Erica Jeal 

Jamie Barton review – sharp intelligence with stage presence

The mezzo-soprano, accompanied by pianist Kathleen Kelly, radiated easy confidence owing to her superb vocal control
  
  

Jamie Barton accompanied by Kathleen Kelly at Wigmore Hall, London.
Haunting … Jamie Barton accompanied by Kathleen Kelly at Wigmore Hall, London. Photograph: Alecsandra Raluca Drăgoi/The Guardian

Jamie Barton is a star – still rising, but already a proper, bona fide star. Audiences hold her in fierce affection, partly inspired by her glowingly defiant stage presence, something everyone got to see during her Pride flag-waving performance at this summer’s Last Night of the Proms. More than that, though, there’s her voice, the kind of sumptuous velvet-and-steel mezzo-soprano that fills an auditorium seemingly as easily as opening the mouth, used with sharp intelligence.
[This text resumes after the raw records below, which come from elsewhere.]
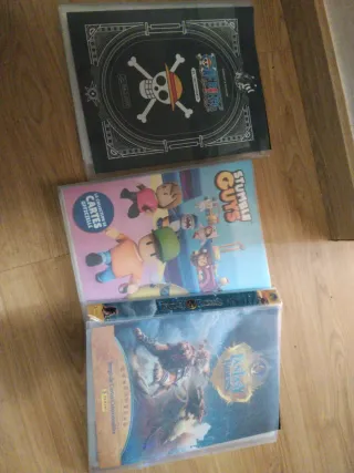 Lote de 3 álbumes de cromos coleccionables. - Álbum One Piece 25 Aniversario. - Álbum Stumble Guys La colección oficial. - Álbum Fantasy Riders Juego de Cartas Coleccionables.
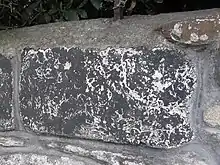 The churchyard wall has coping blocks formed from copper-slag, the same material used to construct the Black Castle Public House.[5]
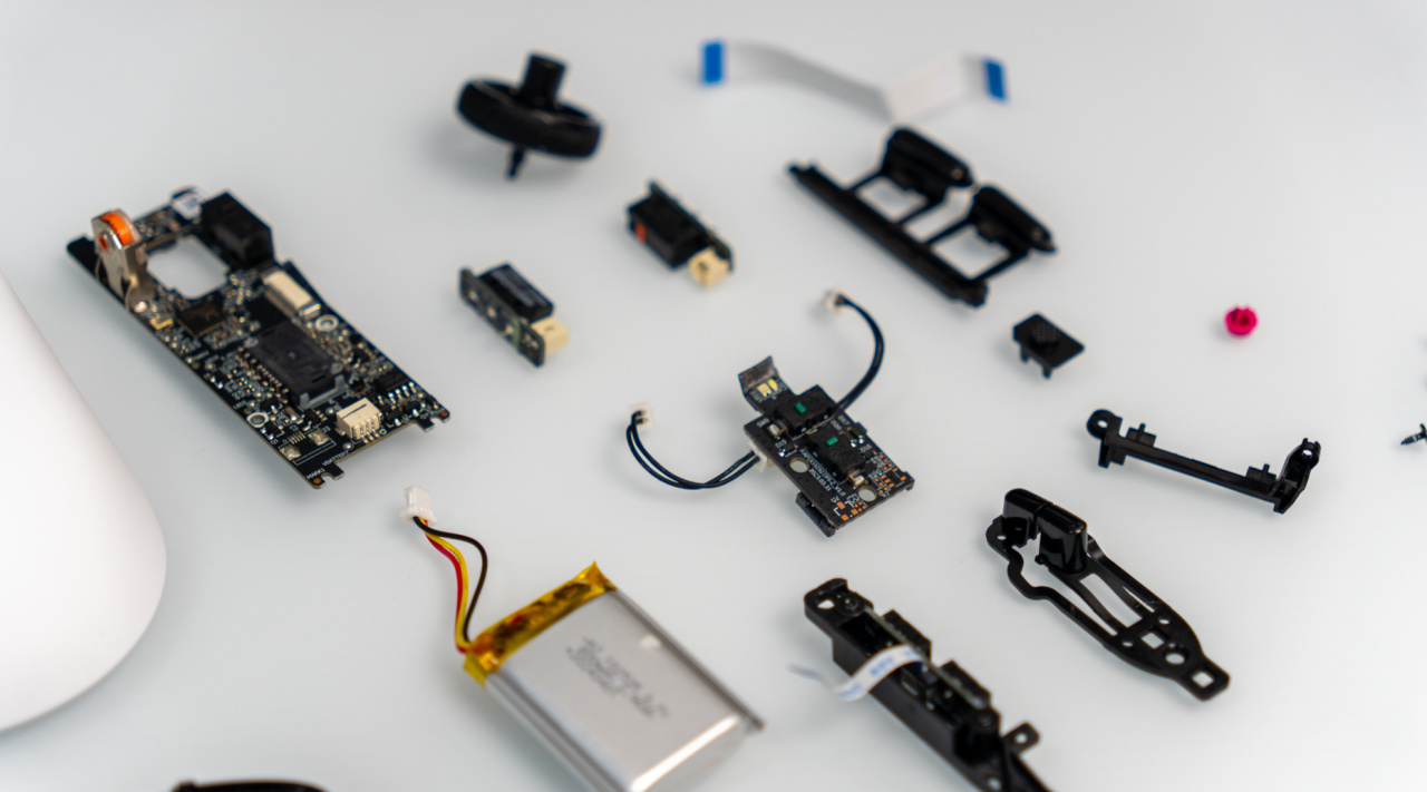 整只鼠標(biāo)除了上下蓋之外,核心元件均集中在底部條狀PCB和中框小板上。
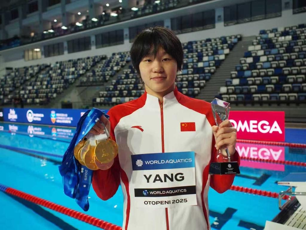 新華社布加勒斯特8月25日電(記者周欣、張改萍)在羅馬尼亞奧托佩尼舉行的世界青年游泳錦標(biāo)賽24日晚落幕,中國游泳隊(duì)的金牌和獎(jiǎng)牌數(shù)均創(chuàng)造世青賽歷史新高。18歲的楊佩琪成為最亮的“那顆星”,獨(dú)攬5金1銀1銅,個(gè)人刷新兩項(xiàng)賽會(huì)紀(jì)錄,榮膺賽事最佳女運(yùn)動(dòng)員(MVP)。
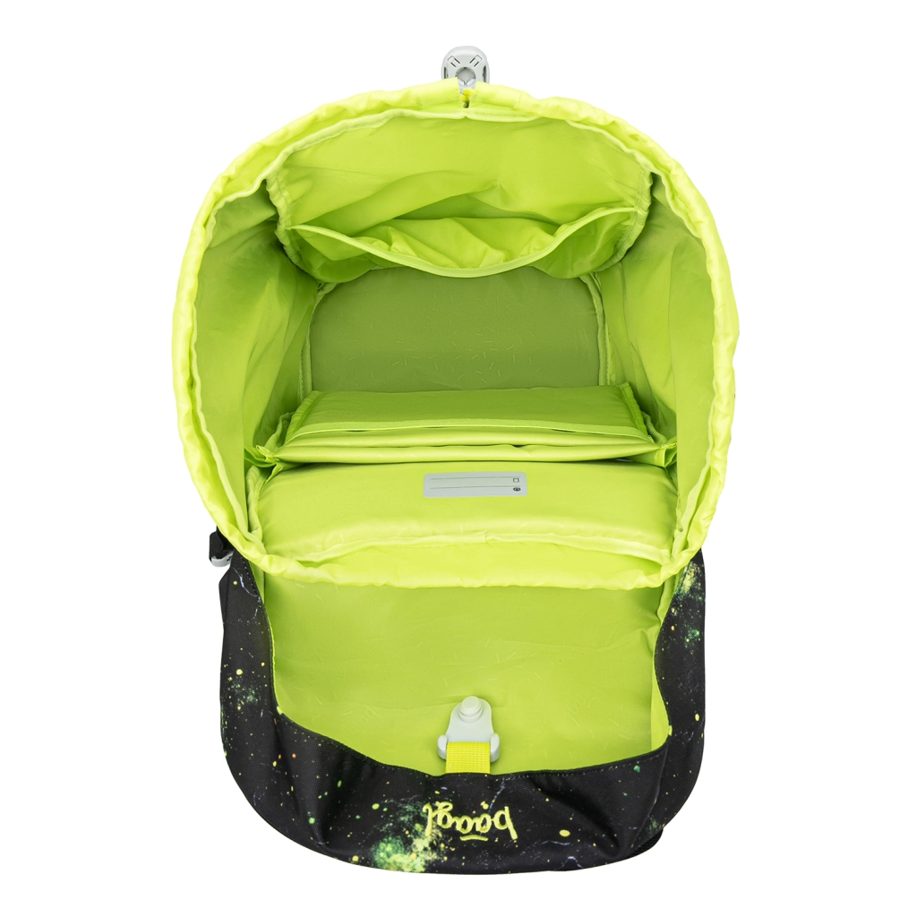 L’organizzazione interna monocamera con tasca ed elastico per fissare le cartelline aiuta a mantenere l’ordine nel materiale scolastico. Lo zaino e gli accessori sono realizzati in materiali impermeabili riciclati certificati GRS e completati da elementi riflettenti per una migliore visibilità. Il design con distintivi intercambiabili (patches) consente ai bambini di cambiare facilmente l’aspetto.
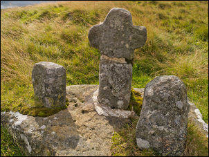 I followed it to the NE then left it to turn NW across open moor. There was no path of any kind as I headed for the co-ordinates of the cross that I’d taken from the map. I had no idea what to expect but as the ground began to fall away I saw a natural stone slab in front of me with a small stone cross and two small pillars either side. They were set into the flat rock and the small cross seemed to have been damaged and repaired. It was very eroded and didn’t have any marking to indicate its age.
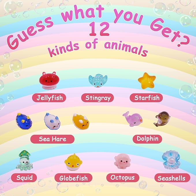 - 🎁【With Surprise Toys Inside】- Each bath bombs is filled with fun with a toy inside! After 3-5 minutes of colorful bubble bath, the surprise toy hidden inside will slowly float. Including 12 different sea animals toys, 12 different scents, bring different surprises to your child's every bath. Kids have a fun toy to remember that it is sure to be one of their favorite gifts
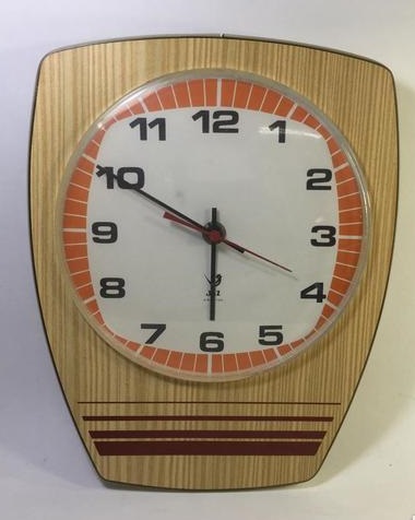 Jaz Electrico, horloge murale, calibre TM à pile LR14, trotteuse centrale rouge, format 280 x 215 mm. Existe en version à dateur. Hors catalogue France, présente au catalogo 1981/1982, export Espagne, référencée 5010.
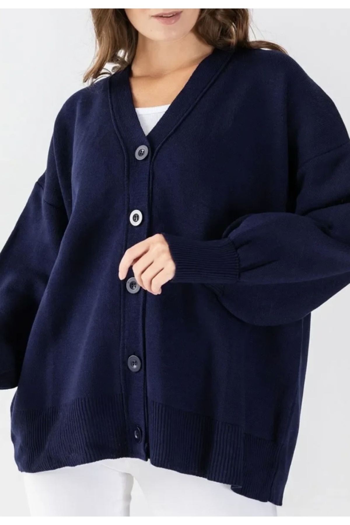 Basic Oversize Cepli Yumuşak Dokulu Triko Hırka AW25HI0013 Basic Oversize Cepli Yumuşak Dokulu Triko Hırka AW25HI0013 L
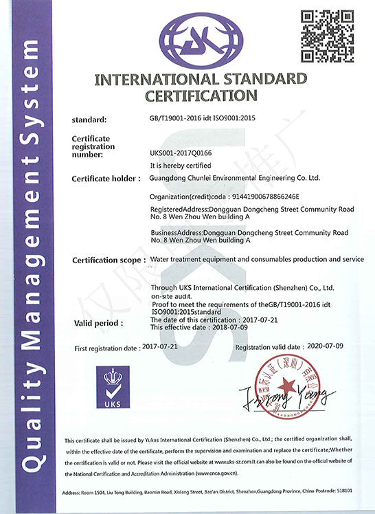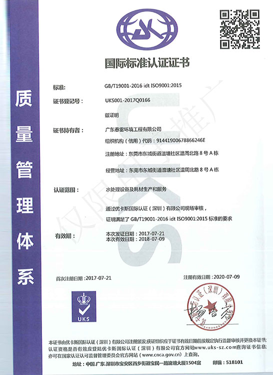 環境管理體係認證證書-英文
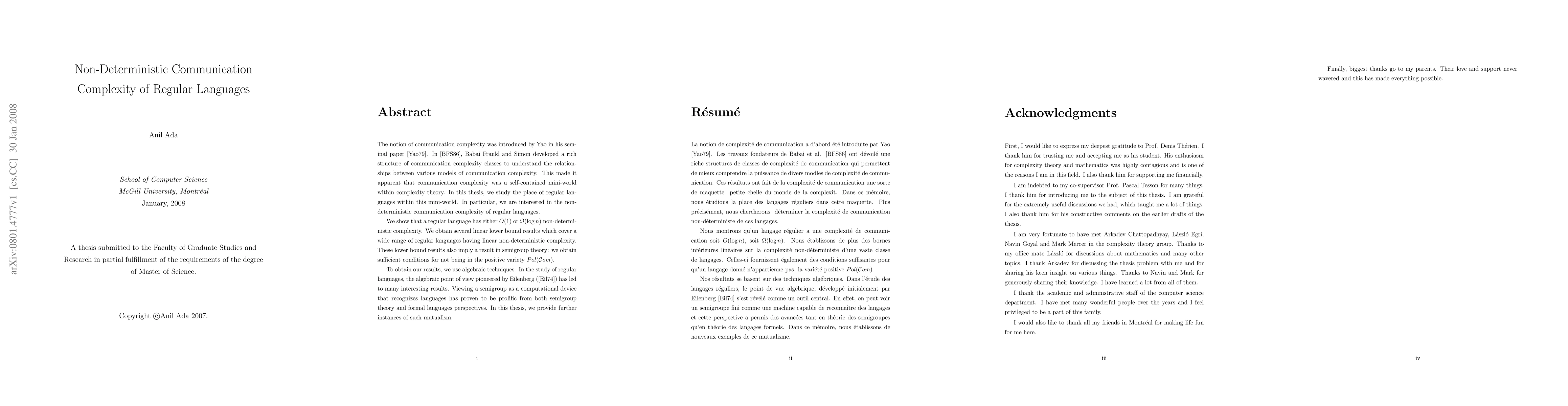 This paper investigates the non-deterministic communication complexity of regular languages, demonstrating that such languages have either constant or logarithmic complexity. The study employs algebraic techniques to derive linear lower bounds for a wide range of regular languages, contributing to both semigroup theory and the formal languages field.
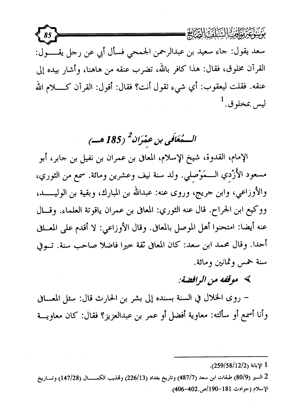 (¬2) السير (9/ 80) طبقات ابن سعد (7/ 487) وتاريخ بغداد (13/ 226) وتهذيب الكمال (28/ 147) وتاريخ الإسلام (حوادث 181 - 190/ص.402 - 406).
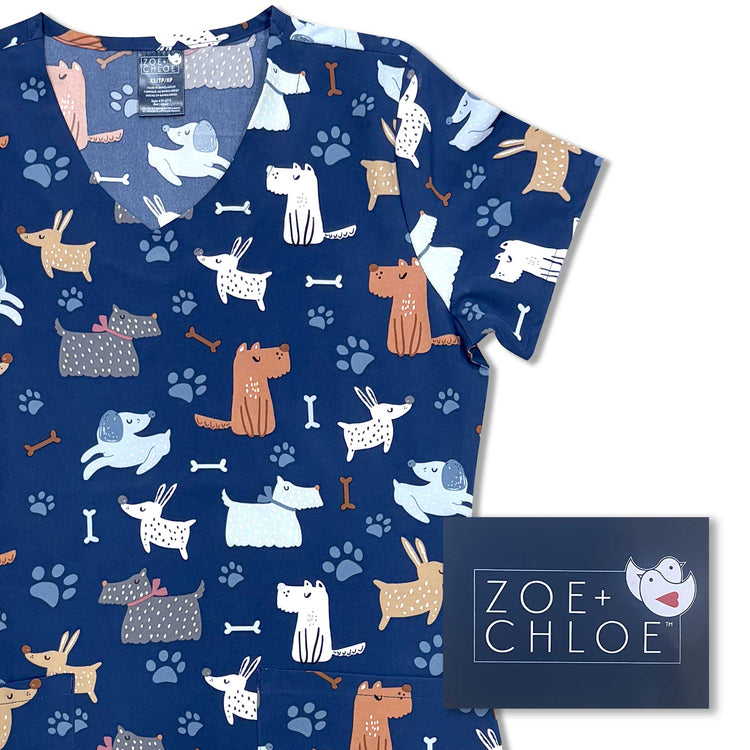 Womens Printed Scrub Top - Dapper Dog
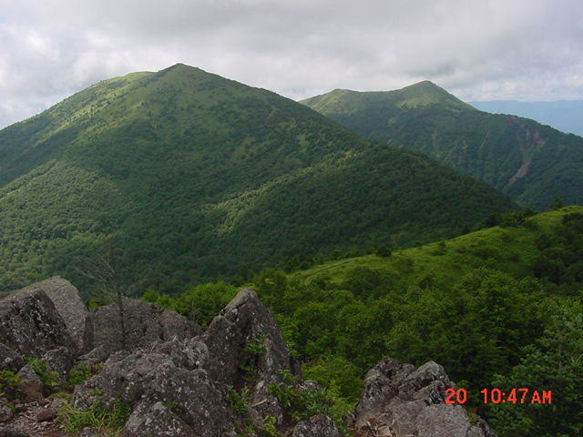 | 北には根子岳や四阿山,草津の方の山,東は嬬恋村から浅間隠山まで続く台地が広がっている。菅平の方も見えた。秋の天気がよい時など,展望も中々いい山だと思った。元来た道を戻った。帰り道,新鹿沢温泉に入って気持ちよく帰ってきた。天気のよい日に家族みんなでのんびりと登って温泉にでも入りたいような,明るく,登り易い山でした。(2005,8,20) |
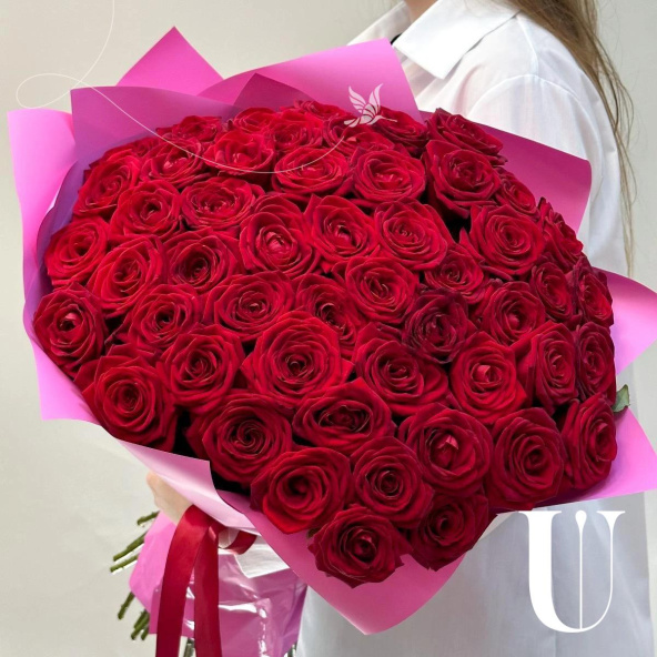 Нестареющая классика в роскошном формате- 51 алая роза. Такой букет сложно оставить без внимания!
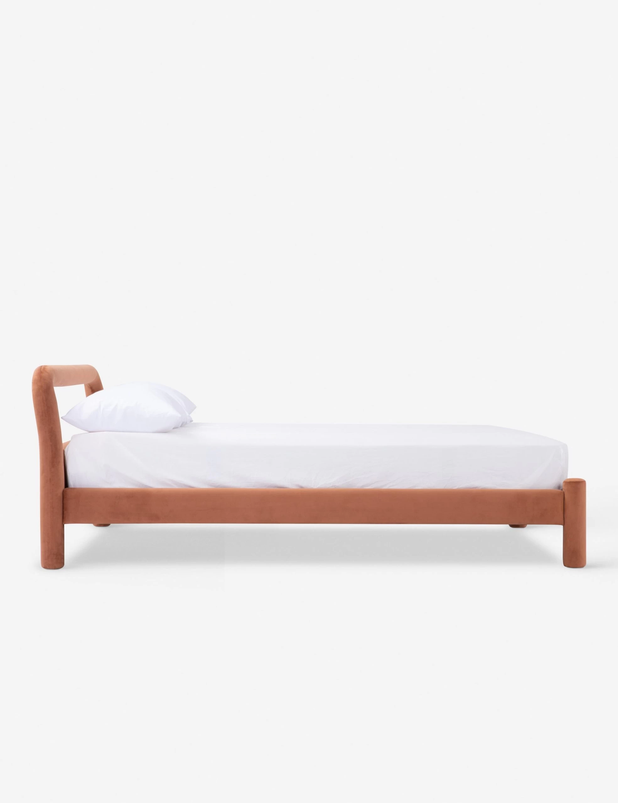 Furniture design studio Sun at Six seeks to help create open, natural spaces with their line of minimal furniture. Rounded lines and a plush velvet frame bring soft appeal to this platform bed. We love this bed frame’s sculptural profile for a fresh and modern bedroom feel.
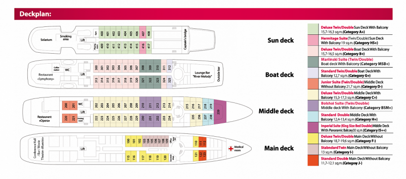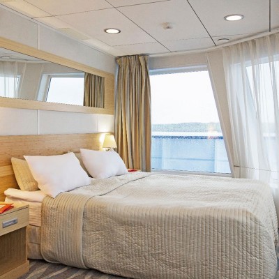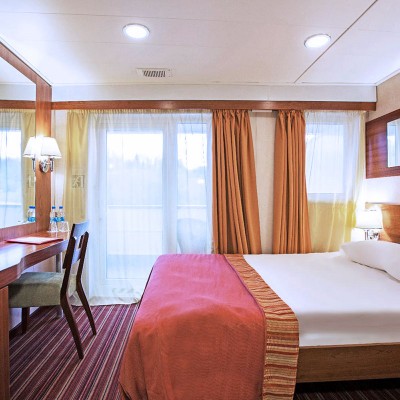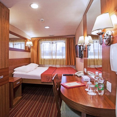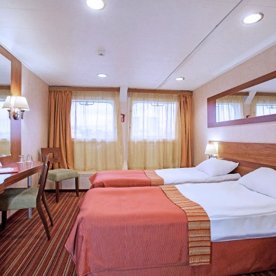 Tutte le cabine sono dotate di ampie finestre che si affacciano all'esterno e permettono di ammirare i magnifici paesaggi incontaminati della Russia. Alcune cabine sono dotate di un balcone. Tutte le cabine sono molto confortevoli. Hanno servizi privati con wc, lavabo e doccia. Inoltre sono attrezzate con aria condizionata, frigorifero, radio in filodiffusione e uno spazioso armadio.
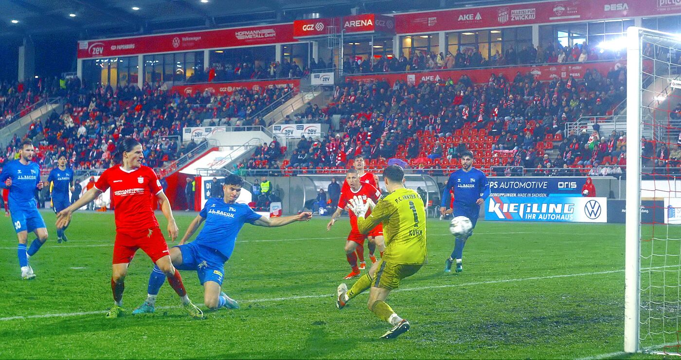 Kurz nach der Halbzeit kassierten die Zwickauer überraschend den Ausgleich. Nach einer Ecke verlor Mike Könnecke als letzter Mann den Ball; Serhat Polat marschierte allein über den halben Platz und überwand auch Lucas Hiemann. Doch das war schnell vergessen – in der 60. Minute setzte sich Jahn Herrmann im Strafraum durch und brachte sein Team wieder in Führung.
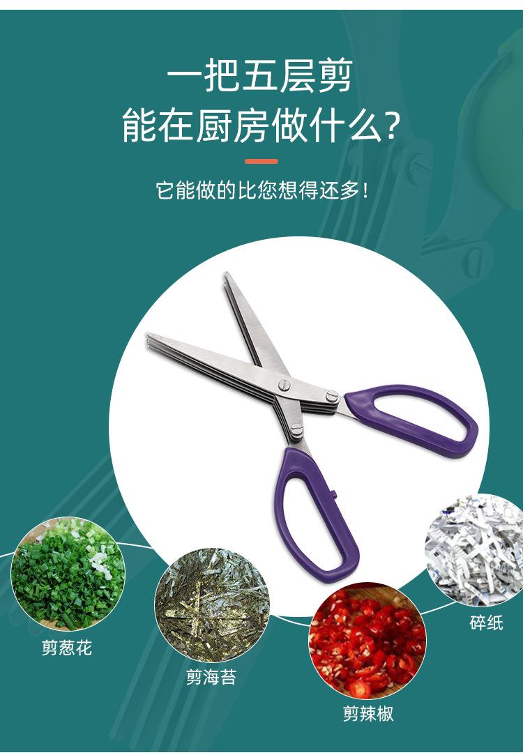 Venta al por mayor de fábrica tijeras de cebolla multicapa para el hogar tijeras de cinco capas tijeras de oficina para triturar papel tijeras de cebolla de acero inoxidable

This programme of songs, featuring more female composers than male, turned up some gems, starting with Elinor Remick Warren’s piece Heather, Barton’s voice tracing smooth, easy sweeps over Kathleen Kelly’s rippling piano. Framing some slightly overwrought works by Amy Beach were one song each from the Boulanger sisters, Lili and Nadia. The muted colours and French vowels of Lili’s Attente drew a darker tone from Barton, who crowned the piece with a high note that sounded aptly vulnerable, yet absolutely controlled.

In Haydn’s Arianna a Naxos, the most substantial and serious work, Barton scaled back in a way that made her haunting cries after Theseus stand out more, not to mention the accusations she hurled at the end. Perhaps, in this, one could have wished for sharper definition from Kelly; but her virtuosity in Libby Larsen’s Love After 1950, taking in boogie-woogie, blues and Spanish habanera, left no such doubts.

Barton and Kelly really sold us these five songs, tracing a woman’s journey towards self-acceptance in a sardonic, entertaining cycle that plays with profundity but doesn’t commit. There was a cheeky drinking song by Ravel and a moment of intensity from Henri Duparc, before Barton finally unleashed the full radiance of her unfettered high notes in Richard Strauss’s Cäcilie. That there was only one encore would have been disappointing had it not been Somewhere Over the Rainbow, which Barton owned: rapt, focused, and singing with just the right amount of rhythmic leeway for her kind of voice. Most singers spend a whole career trying to hit this balance of vocal poise and easy confidence with their audience, and reach it only when the voice is going off the boil. But not Barton.